Restate word for word the part of the material that runs from the line containing "Занятие с социальными" through its final line, inclusive, minus the pictures.

.....

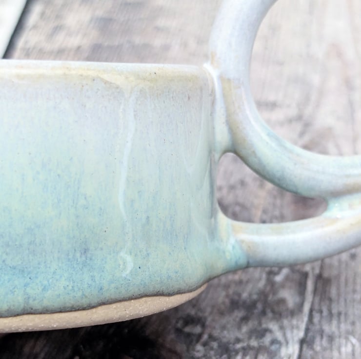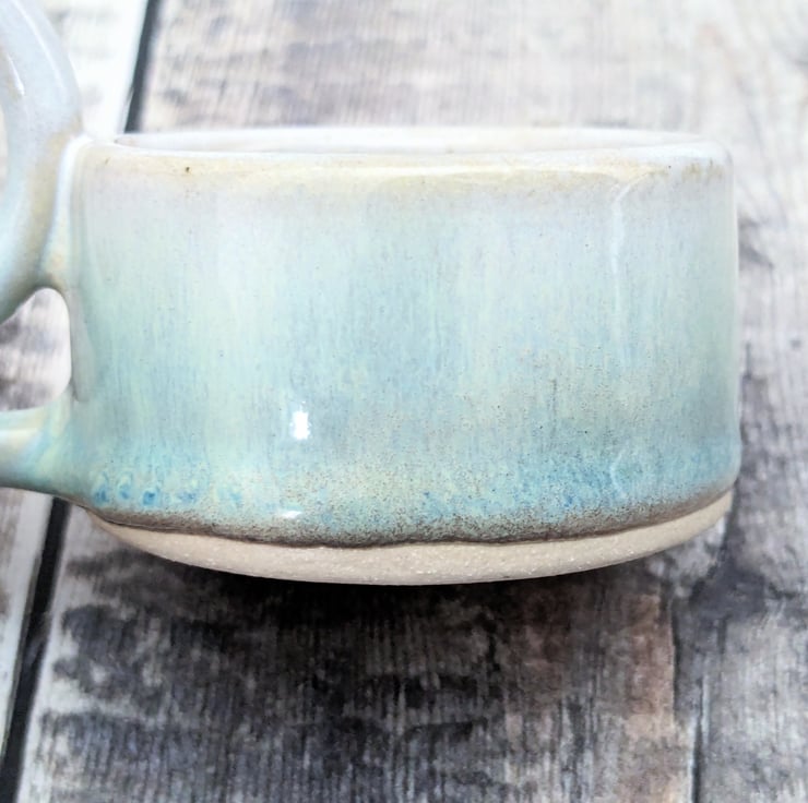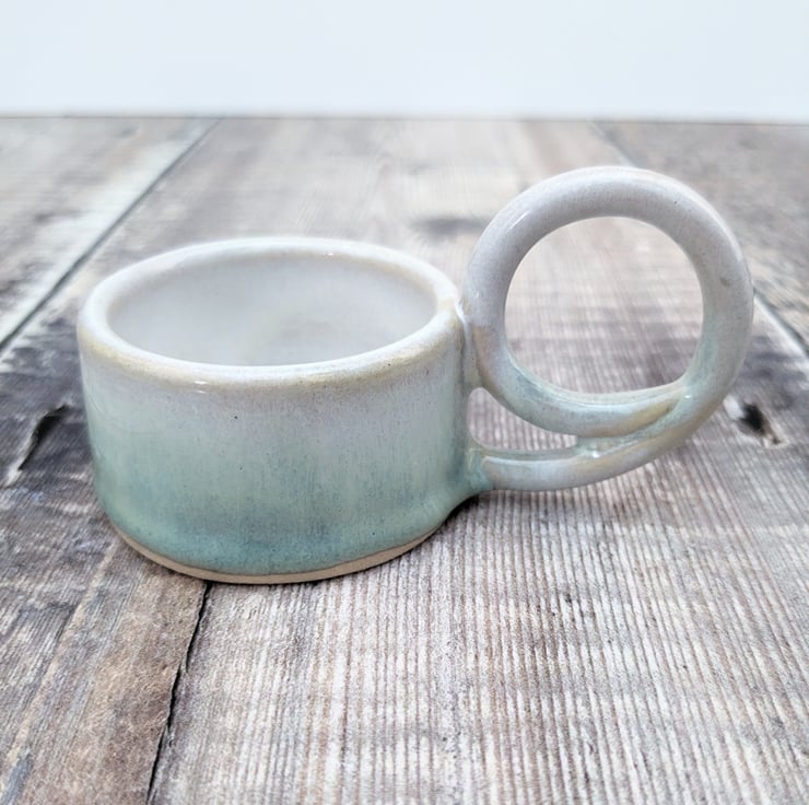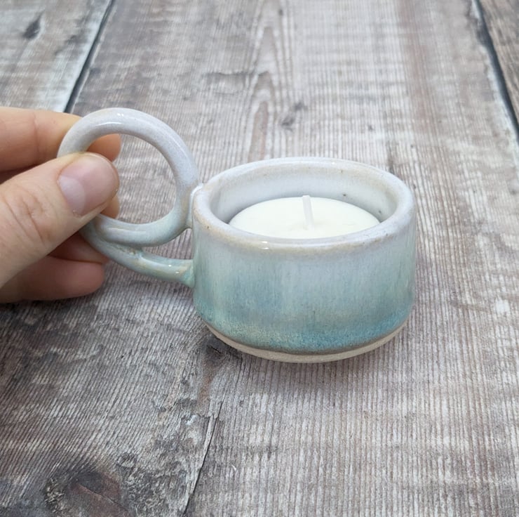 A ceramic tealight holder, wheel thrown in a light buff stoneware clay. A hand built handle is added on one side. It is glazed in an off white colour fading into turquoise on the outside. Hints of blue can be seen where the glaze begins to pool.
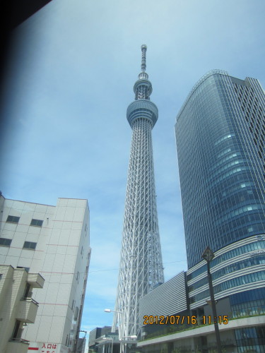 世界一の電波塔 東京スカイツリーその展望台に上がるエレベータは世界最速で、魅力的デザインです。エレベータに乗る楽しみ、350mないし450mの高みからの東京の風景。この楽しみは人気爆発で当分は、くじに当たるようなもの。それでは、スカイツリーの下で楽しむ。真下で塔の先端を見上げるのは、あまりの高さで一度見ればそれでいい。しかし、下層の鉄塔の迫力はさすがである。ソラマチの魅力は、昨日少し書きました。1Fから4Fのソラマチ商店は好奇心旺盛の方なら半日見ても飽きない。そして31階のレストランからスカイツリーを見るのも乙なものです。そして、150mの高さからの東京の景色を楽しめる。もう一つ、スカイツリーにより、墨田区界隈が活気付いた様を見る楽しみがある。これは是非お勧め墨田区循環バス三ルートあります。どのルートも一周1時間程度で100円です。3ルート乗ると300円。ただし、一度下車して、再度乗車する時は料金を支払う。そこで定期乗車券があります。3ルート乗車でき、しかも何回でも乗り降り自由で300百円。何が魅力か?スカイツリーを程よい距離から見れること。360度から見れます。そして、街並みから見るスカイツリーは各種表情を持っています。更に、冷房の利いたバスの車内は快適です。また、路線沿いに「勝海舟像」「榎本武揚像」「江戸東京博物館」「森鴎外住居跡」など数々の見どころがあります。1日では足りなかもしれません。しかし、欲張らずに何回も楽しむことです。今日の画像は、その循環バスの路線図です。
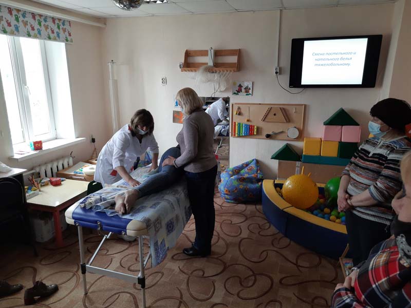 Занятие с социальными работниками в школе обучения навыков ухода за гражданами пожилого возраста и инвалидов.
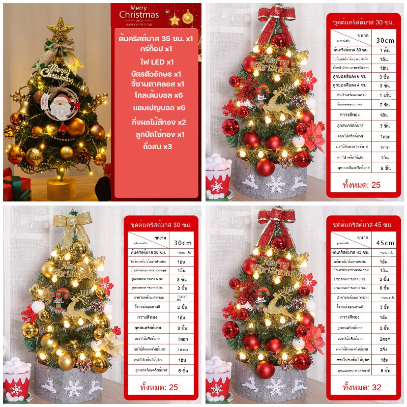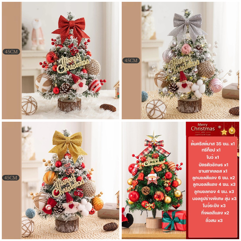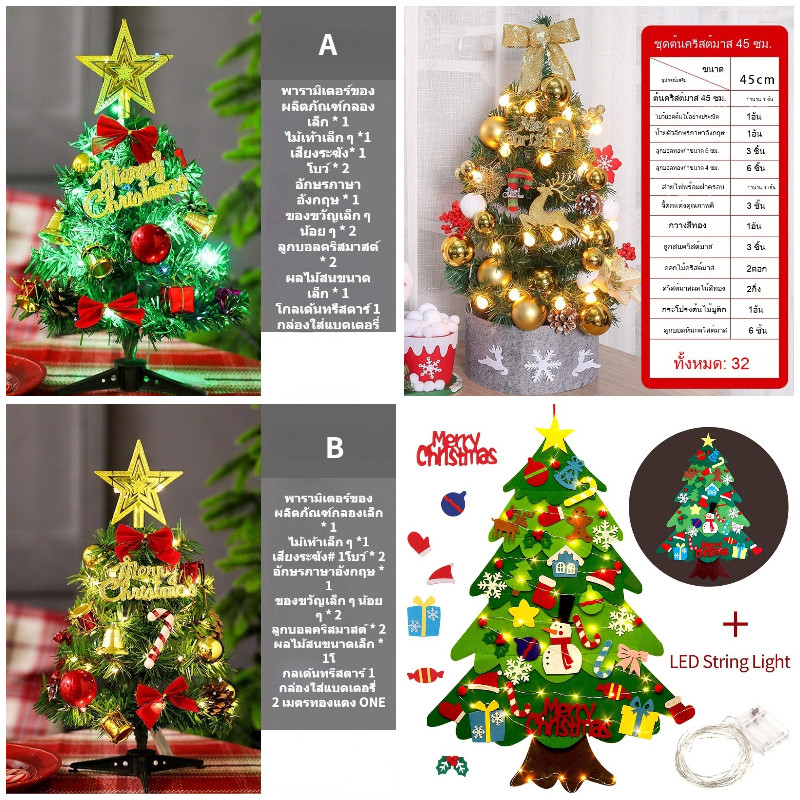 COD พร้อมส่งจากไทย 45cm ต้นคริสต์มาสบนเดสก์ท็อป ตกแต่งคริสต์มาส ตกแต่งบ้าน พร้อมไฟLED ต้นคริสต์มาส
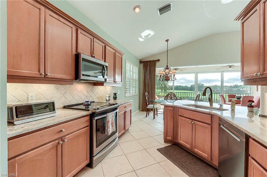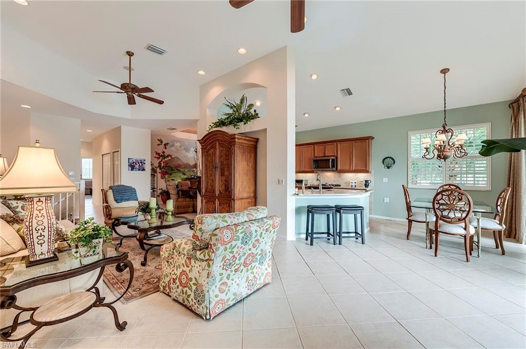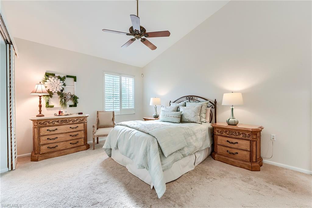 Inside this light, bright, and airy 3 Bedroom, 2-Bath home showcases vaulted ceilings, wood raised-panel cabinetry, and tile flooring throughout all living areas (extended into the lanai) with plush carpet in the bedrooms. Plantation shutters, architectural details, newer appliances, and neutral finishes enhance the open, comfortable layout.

.....

▶ [OUTPUT BELOW]:
 Занятие с социальными работниками в школе обучения навыков ухода за гражданами пожилого возраста и инвалидов.
 COD พร้อมส่งจากไทย 45cm ต้นคริสต์มาสบนเดสก์ท็อป ตกแต่งคริสต์มาส ตกแต่งบ้าน พร้อมไฟLED ต้นคริสต์มาส
 Inside this light, bright, and airy 3 Bedroom, 2-Bath home showcases vaulted ceilings, wood raised-panel cabinetry, and tile flooring throughout all living areas (extended into the lanai) with plush carpet in the bedrooms. Plantation shutters, architectural details, newer appliances, and neutral finishes enhance the open, comfortable layout.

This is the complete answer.